**Work instruction:** Copy exactly, and only, the lines between the start of the entries below and the line containing "The image presents", both inclusive. Omit pictures.

**Information:**
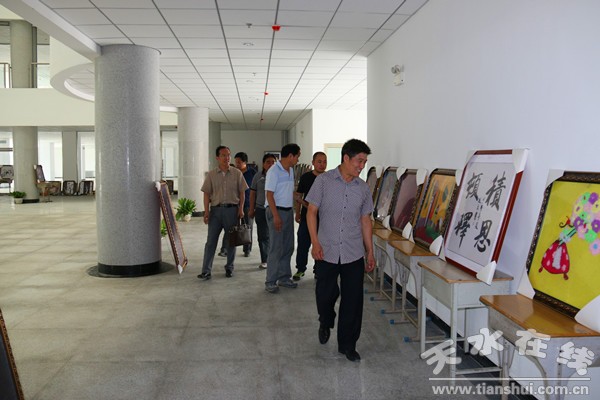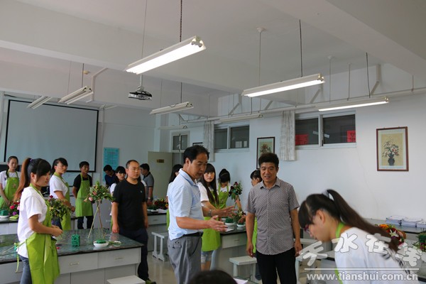 郭俊煒一行在張彥林等陪同下參觀了園林工程系實訓(xùn)中心、新圖書館學(xué)生手工作品展覽會、實訓(xùn)基地和小游園。在參觀過程中,郭俊煒一行詳細(xì)詢問了該系的教學(xué)發(fā)展?fàn)顩r,了解了該系學(xué)生插畫藝術(shù)的動手操作能力并與同學(xué)們進(jìn)行了交流。
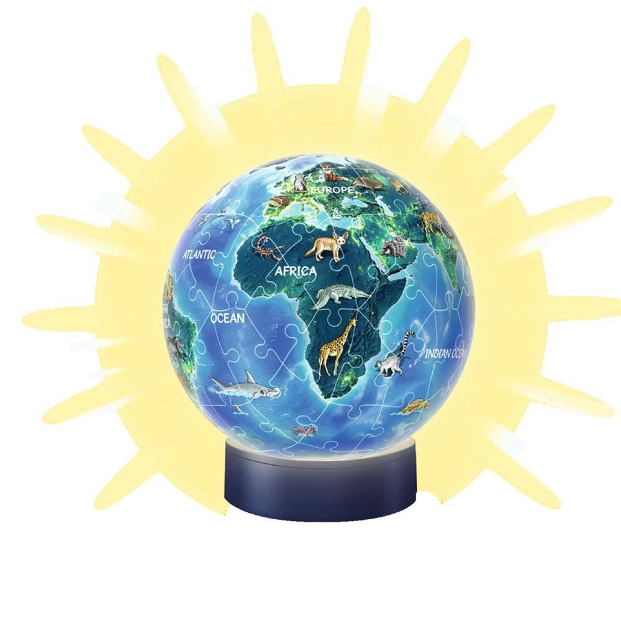 Die farbenfrohe Kindererde wird mit einem Händeklatschen zum außergewöhnlichen Nachtlicht, wenn der Leuchtsockel den Ball von innen erstrahlen lässt. Dank unserer Easyclick Technology passen alle Kunststoff-Puzzleteile perfekt ineinander und formen eine stabile Kugel, ganz ohne Kleben. Die Nummerierung der Teile erleichtert das Vorsortieren und ermöglicht einfaches Puzzeln nach Zahlen.
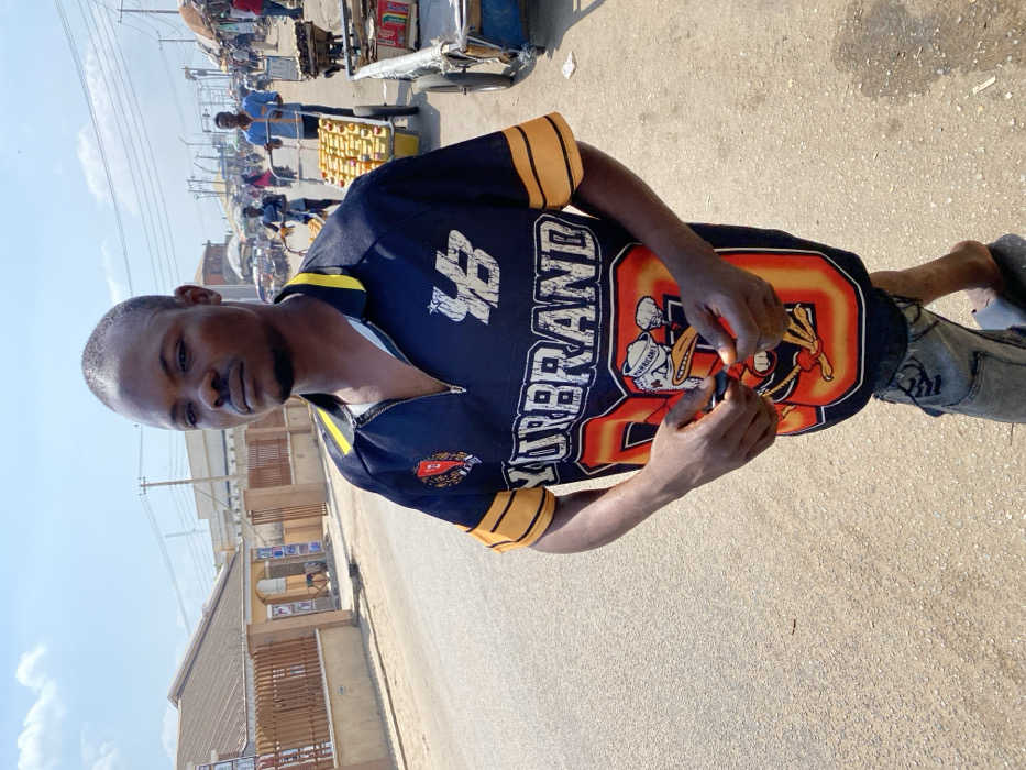 The image presents an outdoor street scene in Lokoja, Nigeria, under clear daylight conditions
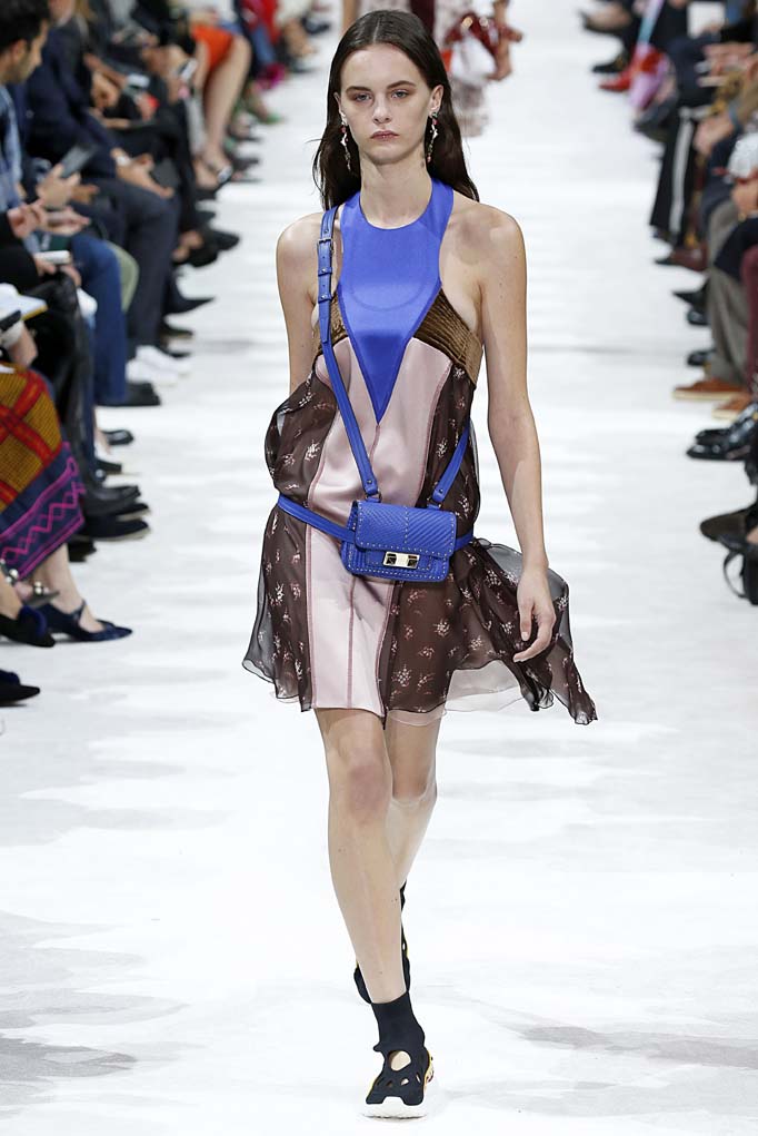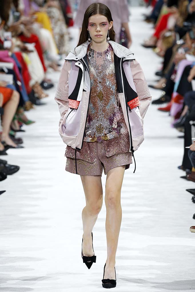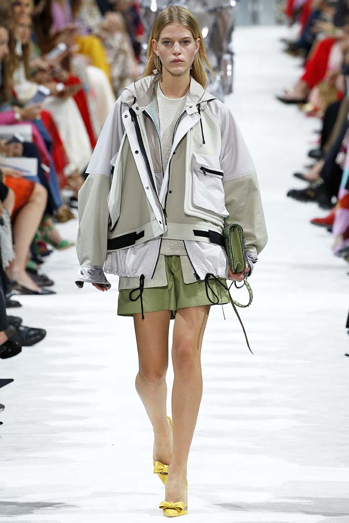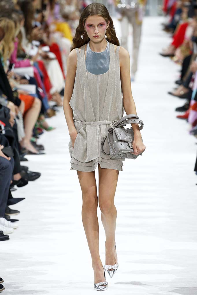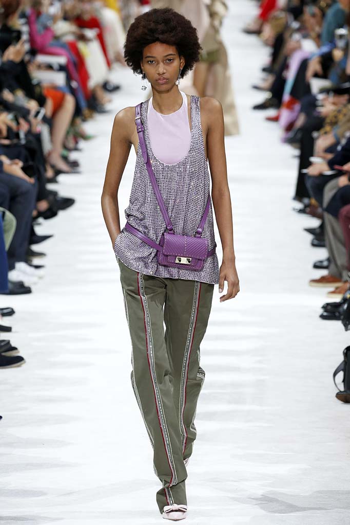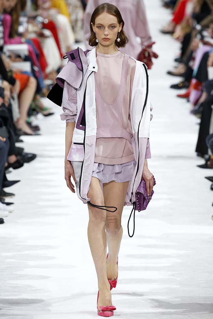 While one does miss the incredible opulence of Valentino’s Renaissance gowns, Pierpaolo Piccioli is clearly aware that while the modern woman still loves to dream and get dressed up that even the most elite women must have practical high-design in their wardrobes too. The Apollo moon landing served up some seriously cool moto-style plastic jackets adorned in sequins. Sportswear was a major theme with Piccioli reworking the anorak in multiple versions, pairing them with shorts, miniskirts, and heels. Even a pair of pants that looked like they might zip off at the knee to become shorts looked like the kind of thing that would normally be Patagonia territory. However, you won’t find these pricey pieces climbing any mountain ranges unless it’s by helicopter, darlings. There was even an ultra-chic Safari trench for the Sahara inclined. But this headlong dive into sportiness did not forsake the Valentino gown or cocktail number. There was a luscious Valentino red velvet evening gown and a silk eggplant number both resplendent in their simplicity, a sexy little blush bubbled cocktail dress, and an immaculate, one-shouldered pale pink ruffled gown à la ’80s Valentino that closed the show. Everything, sporty or otherwise, was thoroughly rich. And to further drive home versatility, Piccioli paired bags with straps around the shoulders and waist (arms free!) with evening gowns—for Safaris and galas alike!
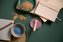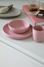 Set se skládá ze šálků, talířů a misek ve čtyřech různých barevných
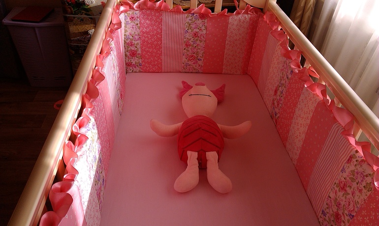 Постельные принадлежностиНе смогла я найти бортики в кроватку такие, которые бы отвечали моим желаниям (основное - размер - сейчас все какие-то высокие. а мне хотелось невысокие). И я решила, что проще сшить самой. В итоге пошарила по форумам, учла все пожелания опытных мам + мои. И вот что получилось. Постельное белье тоже решила не покупать - чё деньги тратить, если до года кроме простыней ничего не надо. К тому же бабуля ситца и бязи целый пакет отдала, надо перерабатывать))) В общем сшились вот такие бортики (параметры и характеристики под фото) + три простыни на резинках (одна розовая и две белые):
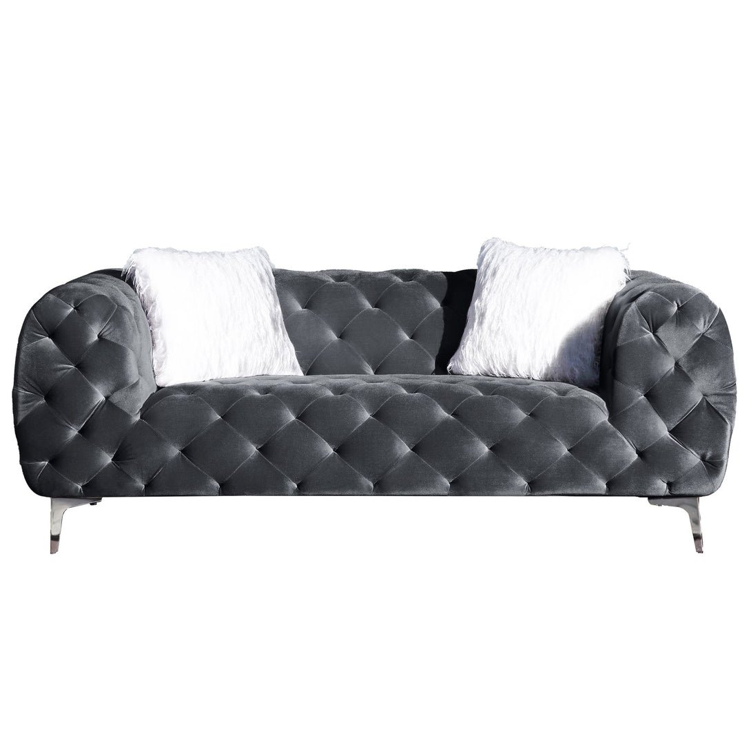 Bring modern elegance and comfort to your home with this velvet sofa or loveseat. Upholstered in soft 100% polyester velvet, it offers a plush seating experience, supported by a durable solid wood frame and high-density foam cushions. Sleek metal legs complete the contemporary design, making it a stylish choice for any living room.

**Solution for this exercise:**
 郭俊煒一行在張彥林等陪同下參觀了園林工程系實訓(xùn)中心、新圖書館學(xué)生手工作品展覽會、實訓(xùn)基地和小游園。在參觀過程中,郭俊煒一行詳細(xì)詢問了該系的教學(xué)發(fā)展?fàn)顩r,了解了該系學(xué)生插畫藝術(shù)的動手操作能力并與同學(xué)們進(jìn)行了交流。
 Die farbenfrohe Kindererde wird mit einem Händeklatschen zum außergewöhnlichen Nachtlicht, wenn der Leuchtsockel den Ball von innen erstrahlen lässt. Dank unserer Easyclick Technology passen alle Kunststoff-Puzzleteile perfekt ineinander und formen eine stabile Kugel, ganz ohne Kleben. Die Nummerierung der Teile erleichtert das Vorsortieren und ermöglicht einfaches Puzzeln nach Zahlen.
 The image presents an outdoor street scene in Lokoja, Nigeria, under clear daylight conditions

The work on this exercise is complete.